I don’t know your wife, but let me tell you how I would feel about what you’ve shared with me. I would want to know. I’d want to know that you feel uncared for. I’d want to know that you feel empty and that you want more closeness and nurturance as well as having a more intimate sex life. Survivors don’t understand this, and many of us feel that all men want is the act of sex to satisfy their own needs. She needs to know that it’s not just a physical need with you, but that you want it to be an expression of love between the two of you. She needs to hear that her need for control is affecting the closeness of your relationship and how it affects you personally. She needs to understand that this is her way of keeping you at a distance.
As far as what is normal in a sexual relationship, I don’t think there is a normal. In a marriage, I think normal is to respect one another, to give and take…sometimes giving perhaps more than taking when issues are in the way of being able to enjoy sex fully, meeting the other’s reasonable needs as best as possible.
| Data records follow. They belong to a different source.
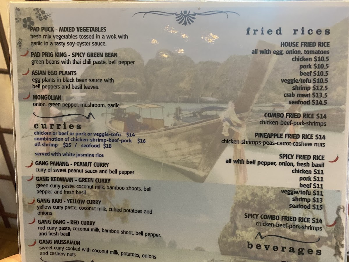 Rice Dishes: Pineapple Fried Rice, Thai Fried Rice, and Spicy Seafood Fried Rice are available, typically served with jasmine rice and various protein additions.
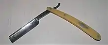 The mechanical properties of bone make it a good handle material.[33] Handles were once made of elephant ivory, but this has been discontinued, though fossil ivory, such as mammoth, is still sometimes used, and antique razors with ivory scales are occasionally found (it is illegal to kill elephants for their ivory, but it is legal to buy an ivory-handled razor made before 1989).[36][37][38]
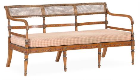 A three-seater sofa in Sheraton style. England, 19th century. H. 75 cm. W. 150 cm. D. 63 cm.
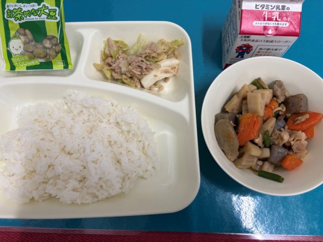 今日の給食は、「ごはん、牛乳、筑前煮、ツナとキャベツのごまいため、まっ茶大豆」でした。
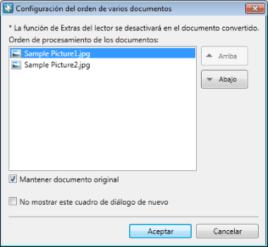 Aparecerá el cuadro de diálogo [Configuración del orden de varios documentos] cuando se selecciona la casilla de verificación [Seleccionar el orden de procesamiento de documentos al convertir los documentos seleccionados a un documento PDF único].
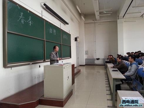 月11日下午4点,金沙娱乐城 2013年春季招聘动员会在B楼537召开。院党委副书记梁玮、09级辅导员乔兵志、黄成龙及200余名毕业班学生参加了这次会议。会议由黄成龙主持,黄成龙首先向大家通报了目前金沙娱乐城 的就业签约情况和大家目前面临的问题,并针对3月13日的春季双选会做了相关部署。
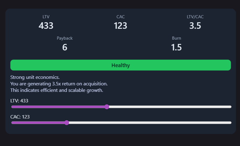 A strategic analytics visual that tracks LTV, CAC, payback period, and burn rate to evaluate business efficiency, scalability, and growth sustainability.
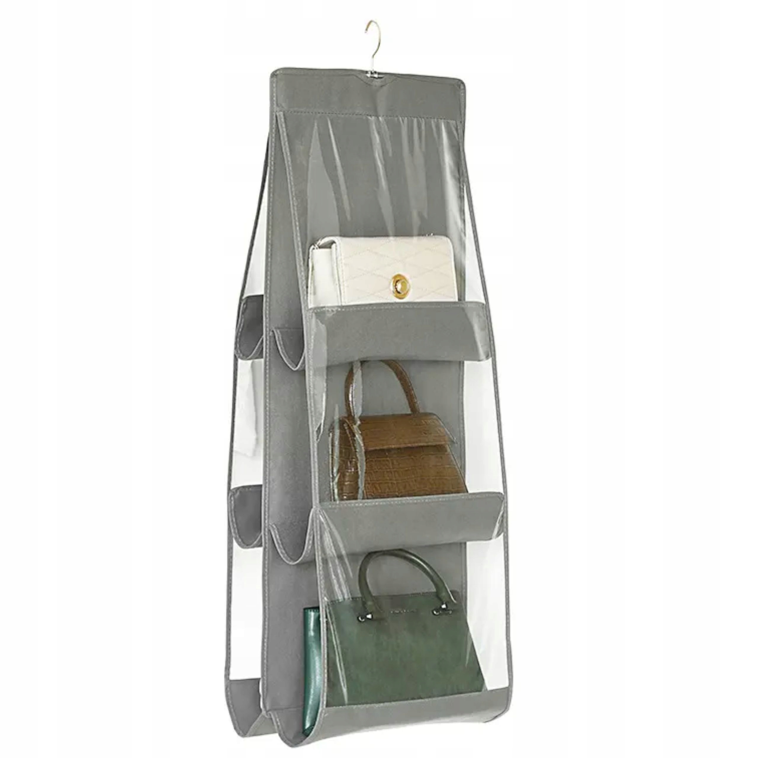 - ❤️ Прозорі відділення не дають сумкам накопичувати пил і водночас полегшують розпізнавання сумок у шафі.
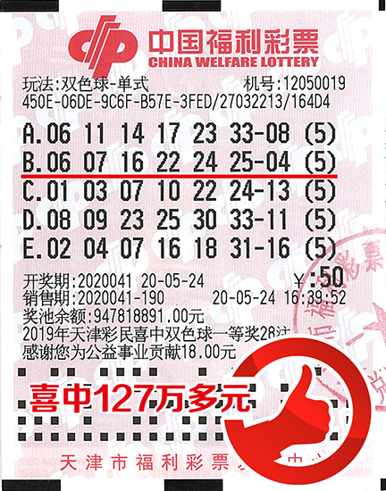 在双色球2020041期开奖中,天津购彩者共中取了6注25万多元的二等奖,其中5注为一人所得,累计中奖奖金127万多元。
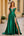 Mørkegrøn A Line Spaghetti Stropper Satin Gallakjole
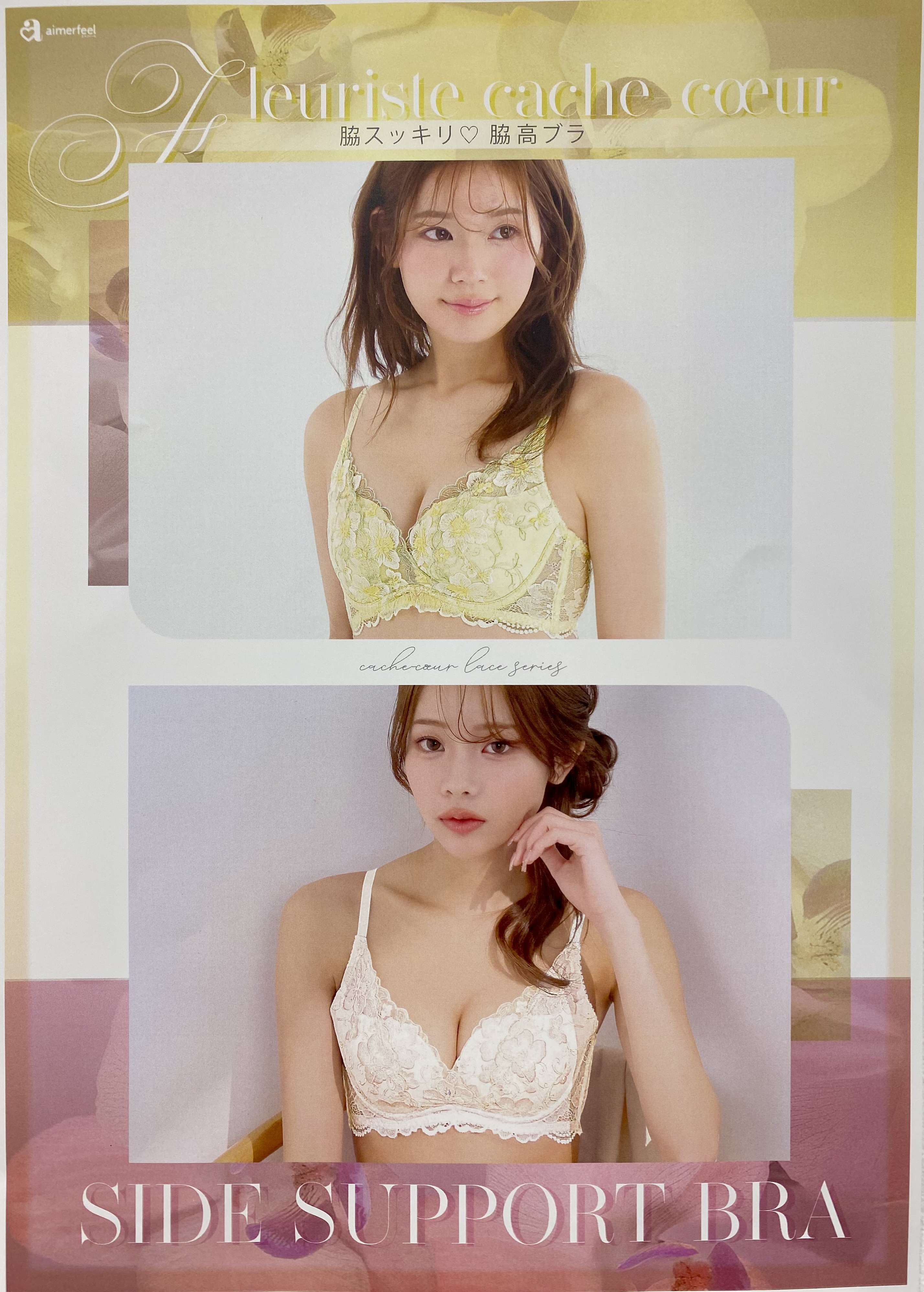 当店人気No.1シリーズ!「カシュクールレース脇高ブラ(R)」シリーズから、刺繍レースが華やぐブラセットが登場。

I don’t want Tim to always wait for me to be in the mood. That only breeds more problems for us. I like it that he asks me, and I like it that he wants me to be fully involved and enjoying sex, but because of my physical problems now, that is not always possible. When I tell him it’s okay for him to go ahead and have sex regardless, I want him to take me up on it. I don’t believe the other person should have to suffer on a regular basis because of my problems. This is where you need to sit down with you wife and tell her how you feel and what you need and discuss how best to work it out. (i.e., you need sex once a week. Would she mind if you had sex even if she wasn’t in the mood, or can she fulfill your needs without intercourse, etc.?)
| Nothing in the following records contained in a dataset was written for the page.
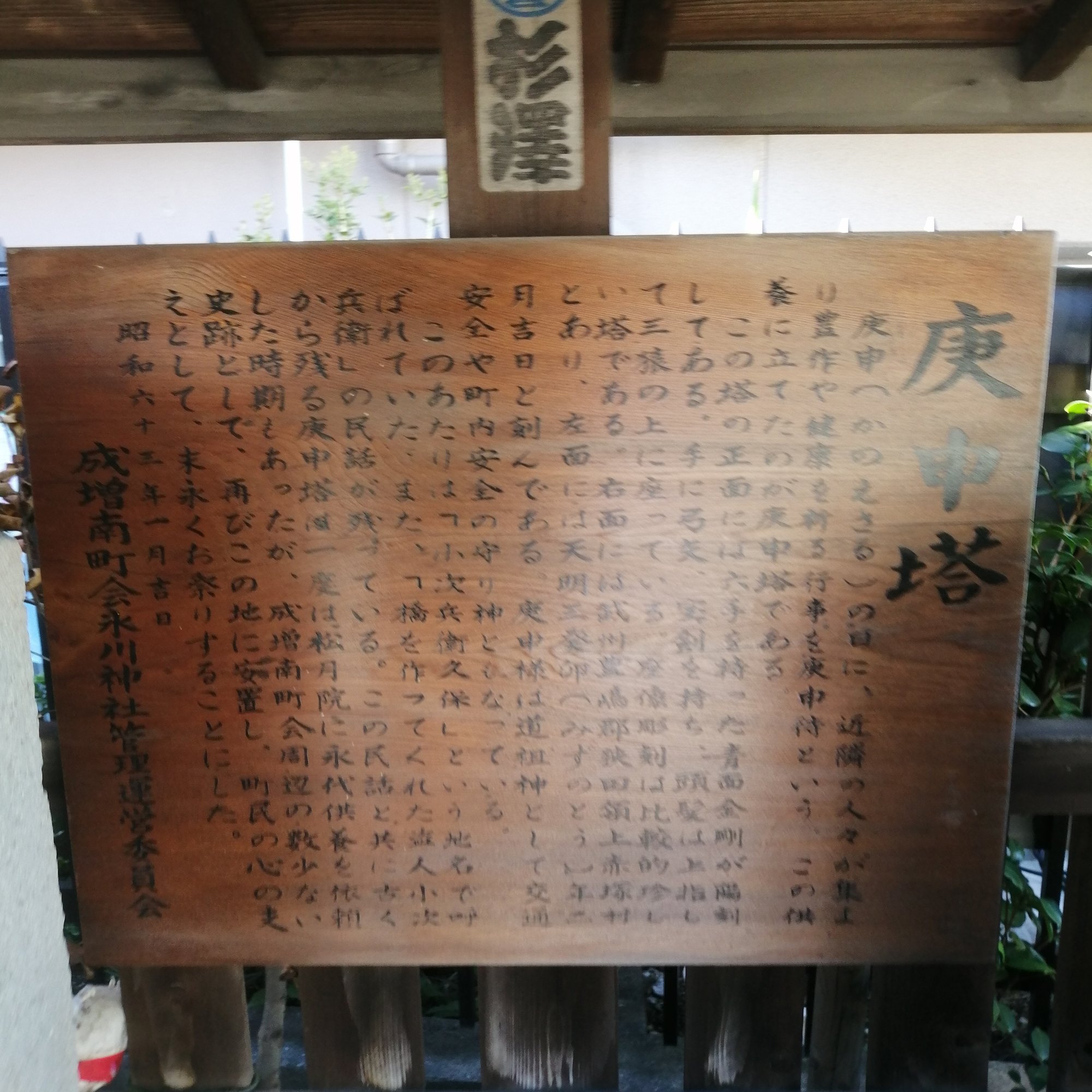 さらに言えば、成増駅周辺で事故が頻発する「成増小学校入口交差点」は(現在では西友成増店の建設に伴い百々向川は断絶されてしまいましたが)かつてはすぐ近くをもいずれも百々向川が流れていました。実際、交差点から少し赤塚川に進むと庚申塚がありこの地にあった「橋」についての記述があります。
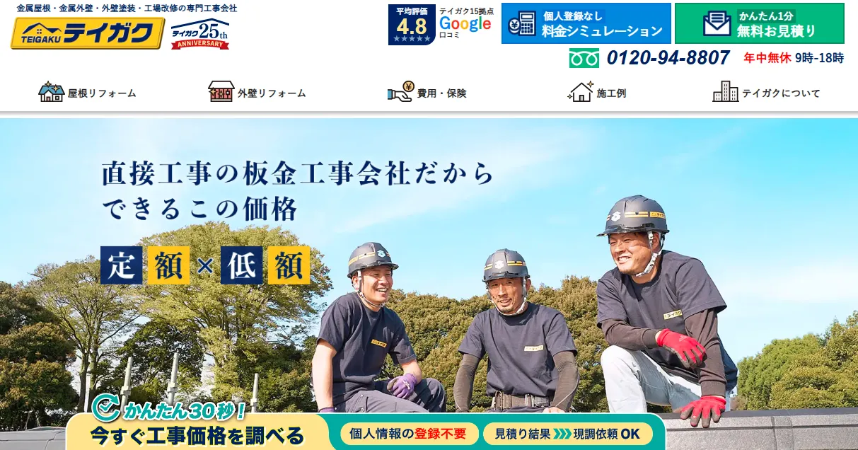 雨漏り修理を含め、運営会社への累計問い合わせ数は500万件以上です。部分修理にも対応しており、修理費用が27,500円~とリーズナブルで、最短30分程度で現地調査に来てもらえます。
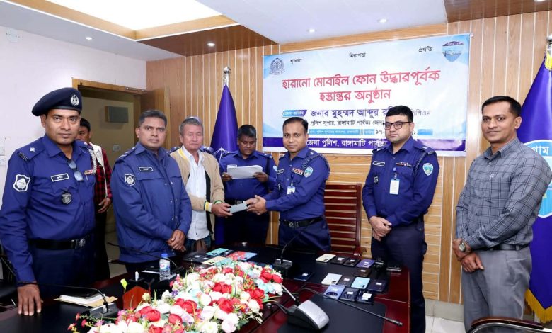 রাঙ্গামাটিতে উদ্ধার হওয়া মোবাইল ফেরত দিলো পুলিশ
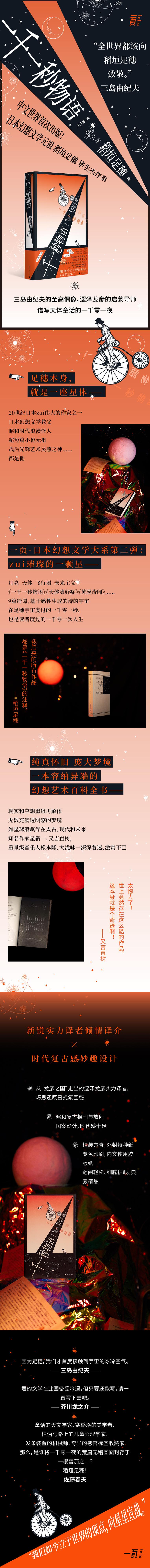 "Por muy interesantes que sean las cosas del mundo, no son tan extrañas como un sueño en plena noche". Esta es una colección de las obras maestras del cuentista japonés original, Inagaki Ashiho, que incluye nueve obras representativas de diferentes épocas. Titulada "Historia de mil y un segundos", es la primera obra de Inagaki. Para Ashiho, es el modelo original del universo: "Todas mis obras posteriores son anotaciones a "Historia de mil y un segundos". El aire frío del universo, el hermoso cuerpo del niño, el extraño dispositivo flotante... rechazando la oscura constitución de la literatura japonesa moderna, construye un nuevo y hermoso mundo de fantasía con el brillo intenso de las estrellas, que nos lleva más allá del sistema solar ordinario, nos sitúa en la cima del universo, declarando la guerra a las estrellas y presenciando el nacimiento y la decadencia de la belleza.

Sometimes, it’s the other way around. Wives have greater sexual needs than their husbands and, of course, intercourse isn’t possible when the husband isn’t aroused, but he can meet her needs other ways. I think the problem comes when one feels rejected or like they are a failure. Those
feelings need to be worked through and those issues faced. I’m also wondering if during those times when she was able to really be free in a sexual situation, if it brought out more guilt and shame for her. Sometimes, we can feel it is bad or wrong, or we can feel like a slut for enjoying sex.